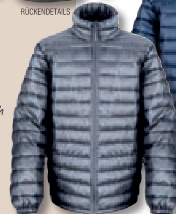
FROST GREY (424) Verfügbar ab den 1. Juli 2014
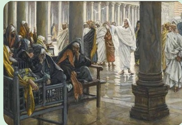
Jesus ensina na sinagoga - JAMES TISSOT - 1836-1902
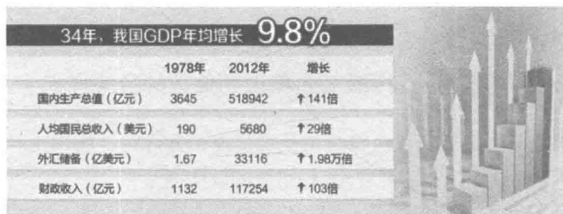
图1-1 改革开放30年来中国的经济总体指数情况

国家财政实力明显增强。1978年国家财政收入仅1132亿元，2012年，我国财政收入达到117254亿元，比1978年增长103倍，年均增长14.6%，如图1-1所示。财力的增加对我国促进经济发展、加强社会保障、减小城乡差距、切实改善民生、有效应对各类冲击提供了有力的资金保障。
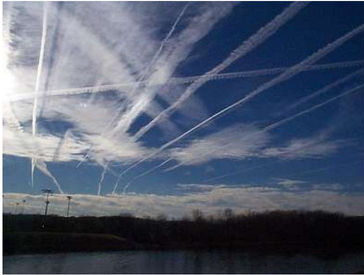
Chemtrails et géo-ingénierie du Diable

Commencez à vous renseigner sur les réalités comme par exemple HAARP, les armes électromagnétiques, les chemtrails, les effets des expériences au CERN, etc..
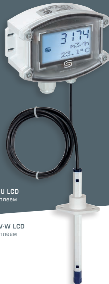
PLGF-U LCD с дисплеем
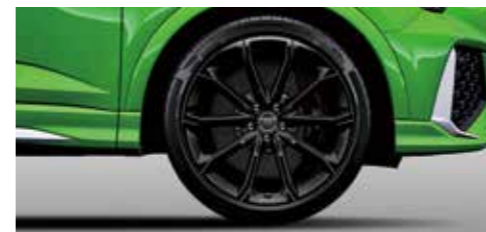
アルミホイール 5Vスポークポリゴンデザイン ブラック 8.5J×21+255/35R21タイヤ*
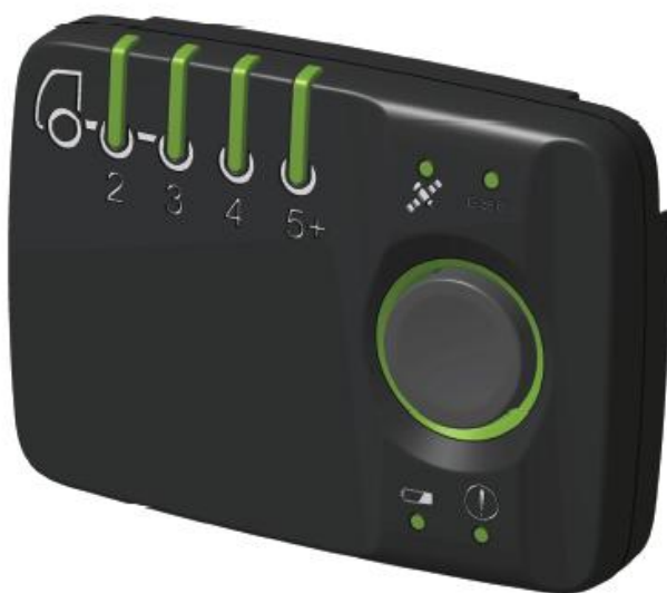
Рисунок 1 - Общий вид устройства (исполнение корпуса 01)

Внешний вид устройства с указанием мест нанесения знака утверждения типа и пломбирования приведен на рисунках 1-4.
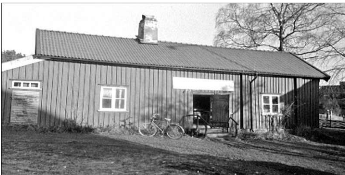
Anjougården på 1980-talet.

I boningshuset visas en mångfald exempel på vad som tillverkats under åren. Anjougården är öppen onsdagar under juli månad i samband med våffelcafé, men även vid andra tider finns det tillfälle till ett besök. Närmare upplysningar går att få på Skene-Örby hembygdsförenings hemsida.
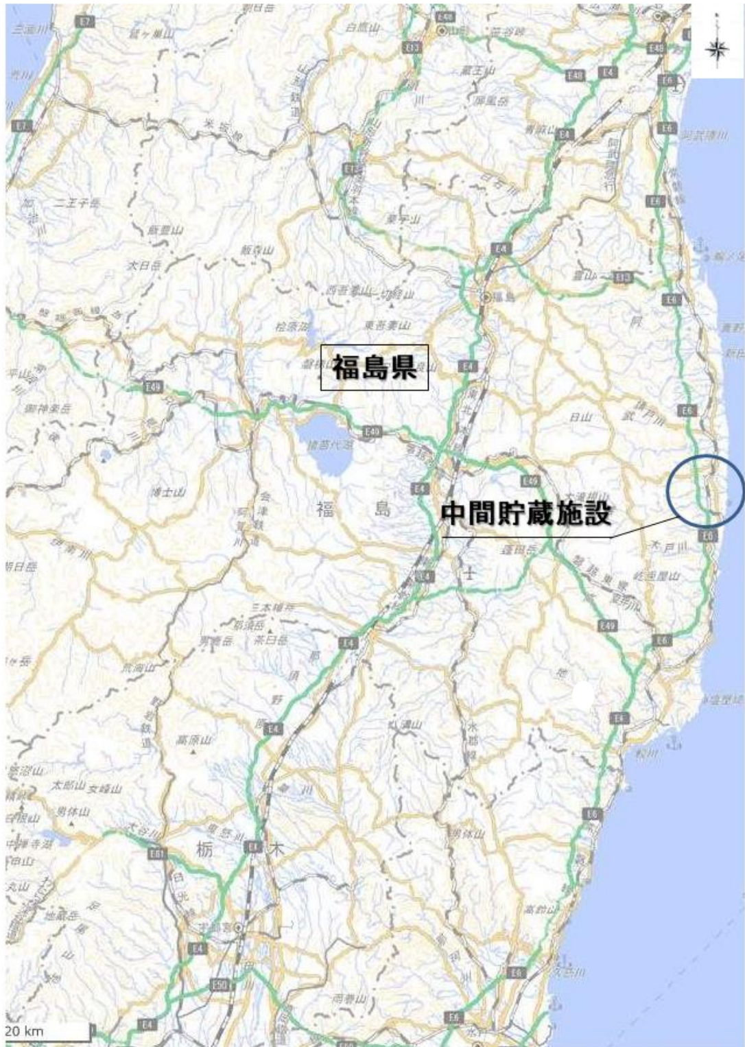
図1. 位置図（中間貯蔵施設）
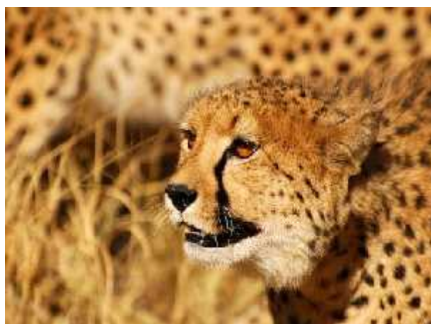
Slika 10. Acinonyx jubatus velox

Acinonyx jubatus velox ( Slika 10.) ili Kenijski gepard je najslabije istražena podvrsta geparda. Jedino što se zna o njemu je da je vi en u Africi i to na podru ju zapadne i isto ne Afrike, a najviše na podru ju Kenije po emu je i dobio nadimak. Dokazan je kao podvrsta i nakon toga je nestao, ali ipak vi en s vremena na vrijeme. Spada u kategoriju zaštite VU ( Osjetljivi) prema IUCN-ovoj listi zaštite.
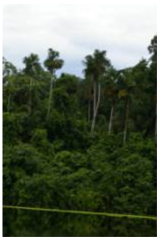
ARECACEAE - Socratea exorrhiza (Mart.) H. Wendl.
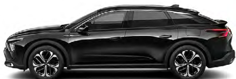
ČIERNA PERLA NERA (M)
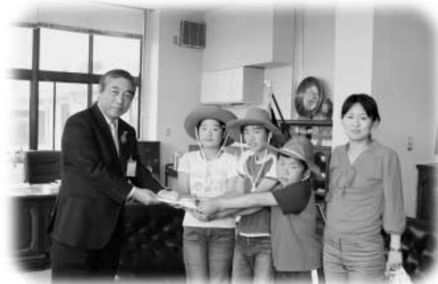
草野副村長に募金を手渡す玉一小のみなさん
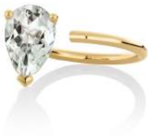
BLOOM RING GREEN AMETHYST
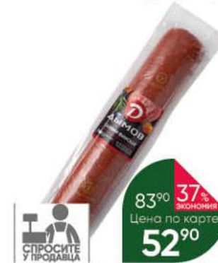
Колбаса ДЫМОВ Салами Финская полукопчёная, 100 г
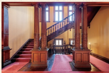
En los detalles de la residencia, se pueden apreciar diseños de estilo Jacobeo.

Antiguamente este lugar era usado como una casa de huéspedes privada, para la reunión anual de la familia Iwasaki completa; así como también para fiestas en las que se invita a huéspedes extranjeros y personas distinguidas. En los detalles de la residencia, se pueden apreciar diseños de estilo Jacobeo.
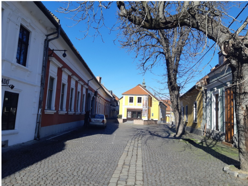
2-0-0 jelű ág építési helye a Bogdányi utcában (Tinódi köz és Szerb utca között)
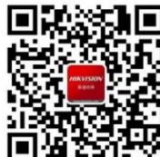
海康威视中小企业服务
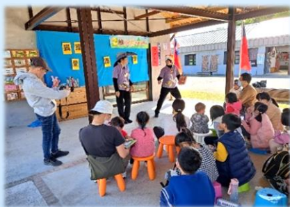
繪本故事說演《狐狸愛上圖書館》

1月30日，這屬於寒假的上午，來參加活動的孩子們都很雀躍，一開始宜蘭縣政府文化局的
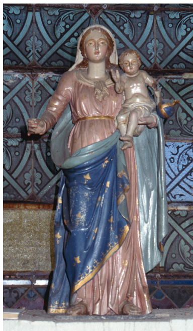
Statue : Vierge à l'Enfant. IVR22_19900202899ZA
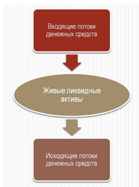
Рис. 5. Ключевые составляющие финансовой устойчивости

Итак, целью антикризисного управления в страховой компании является обеспечение ее финансовой выживаемости. Ключевыми же факторами этой финансовой выживаемости являются следующие: входящие финансовые потоки, живые ликвидные активы, исходящие финансовые потоки (рис. 5).
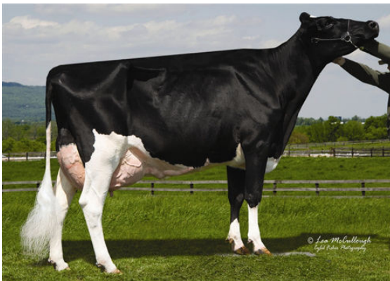
RC-LC GOLDWYN ATM THIRD DAM
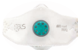
BLS 680ne»xt Taglia M/L - Taglia S
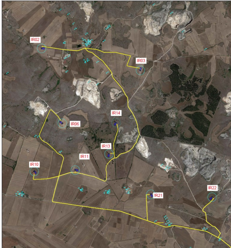
Figura 2 – Ortofoto delle aree interessate dal progetto.
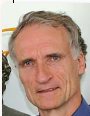
... af undervisningsminister Bertel Haarder

“Når vi synger sammen med andre, er vi ikke os selv nok. Vi overskrider os selv og bliver en del af noget større. Når det lykkes, kan det høres!”
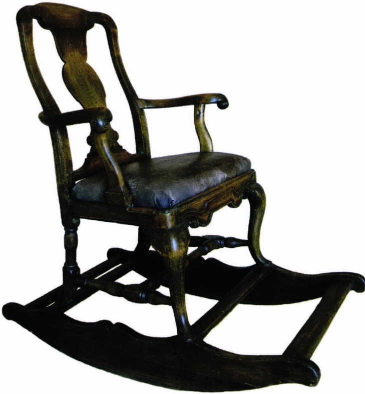
Kuva 1. Keinutuoli. Istuinosa ruskeaksi petsattua lehtipuuta, jalakset havupuuta. Istuimen nahkaverhoilu uusi. Lahjoittaja neiti Stigell 1913. Porvoon museo inv. nro 3675.

vat vaakatasossa voimakkaan S-kaaren. Tuolin selkänöjan sivupuut ja balusterinmuotoinen pystylauta kaartuvat yläosastaan ulospäin myötäilemään anatomisesti istujan selkää. Tällaiset tuolit olivatkin huonekaluhistorian ensimmäiset, joissa ihminen saattoi istua todella mukavasti. Puulaji on lehtipuuta, joka on petsattu tummanruskeaksi; jalakset ovat havupuuta. Sarjaan upotetun irtoistuimen verhoilu on todennäköisesti ollut nahkaa, nykyinen nahkaverhoilu on kuitenkin uusi.
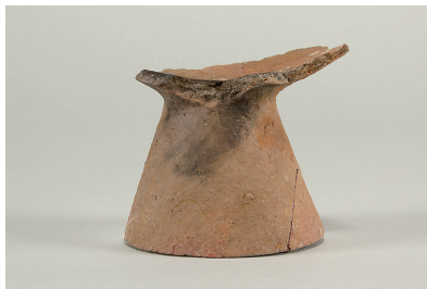
7 第 114 号住居跡出土土師器 (第 253 图 8)
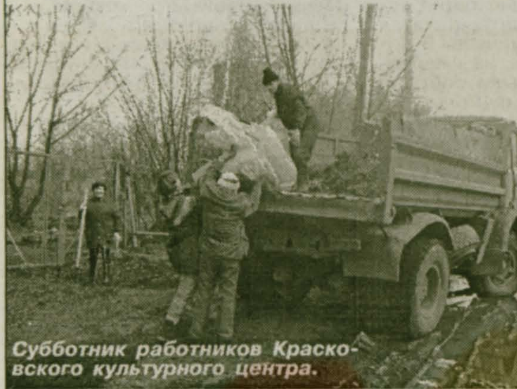
Субботник работников Красковского культурного центра.

За время проведения субботников работниками МУП «КЖКХ и Б», МУП «Благоустройство и озеленение» пос. Красково, учащимися и педагогическими коллективами гимназии № 56, школ №№ 55, 59, сотрудниками детских садов №№ 92, 93, 94 и 95, работниками стадиона «Электрон», культурного центра была проделана огромная работа: приведены в порядок прилегающие территории, убран лес за больницей, от мусора очищены терри-
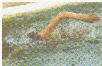
Antonia Graw vom veranstaltenden Verein TG Schötmar erreichte über 400 Meter Freistil Platz 6 und über 800 Meter Freistil Platz 9.
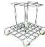
SUJE-8, PARA PC-8
• • • • • • •
Work task: In the entries above, find lines with "estilo" and copy each.

Your solution:
En los detalles de la residencia, se pueden apreciar diseños de estilo Jacobeo.
Antiguamente este lugar era usado como una casa de huéspedes privada, para la reunión anual de la familia Iwasaki completa; así como también para fiestas en las que se invita a huéspedes extranjeros y personas distinguidas. En los detalles de la residencia, se pueden apreciar diseños de estilo Jacobeo.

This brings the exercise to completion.